6. Under the terms of the “Rights Plan,” enacted by the Board in response to Valeant Pharmaceuticals Intl Inc (NYSE:VRX) (TSE:VRX) (“Valeant”)’s offer, the so-called “poison pill” is triggered if any shareholder becomes the “Beneficial Owner” of ten percent (10%) or more of outstanding Company shares. The term “Beneficial Owner” states that a shareholder is deemed to beneficially own:
any securities … which are Beneficially Owned … by any other Person … with whom such Person … has an agreement, arrangement, or understanding to act together for the purpose of acquiring, holding, voting, or disposing of any securities of the Company (except that a Person shall not be deemed the Beneficial Owner of any security under this Section 1.3.3 if such voting power arises solely from a revocable proxy or consent given to such Person in response to a public proxy or consent solicitation made pursuant to, and in accordance with, Section 14(a) … by means of a solicitation statement filed on Schedule 14A)[.]

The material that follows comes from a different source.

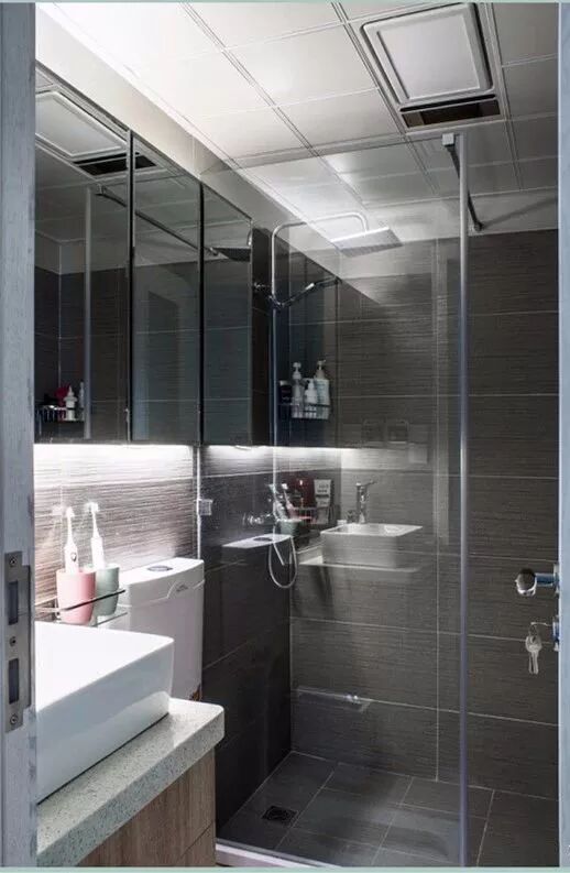 深灰色調(diào)的衛(wèi)生間,在洗手臺(tái)上方的墻面裝了不銹鋼擱架來(lái)增強(qiáng)收納能力,搭配鏡柜和藏光,這個(gè)衛(wèi)生間簡(jiǎn)潔大方又實(shí)用。

7. After reports surfaced that the pill could be used to restrict talks between investors, PS Fund 1 requested Allergan, Inc. (NYSE:AGN)’s position on whether PS Fund 1’s solicitation and receipt of revocable proxies in connection with the special meeting request would trigger the pill. Seeking to capitalize on the uncertainty it created, Allergan failed to provide the answers necessary for shareholders to pursue a request for a special meeting. Allergan indicated that PS Fund 1’s solicitation and receipt of one or more revocable proxies from other Allergan stockholders for the purpose of requesting a special meeting would not in and of itself trigger the pill. But it evaded responding to PS Fund 1’s other questions, including whether discussions about the Bylaw requirement that a requesting stockholder express an intent to hold the shares through the meeting date, or the provision of assistance to fellow shareholders to complete, execute, date, and deliver the Special Meeting Request forms and revocable proxies and consents, would trigger the Rights Plan. Because the Bylaws contain numerous and complex requirements for completing the Special Meeting Request forms, PS Fund 1 anticipates the need to communicate with and provide assistance to shareholders in understanding and completing valid special meeting requests.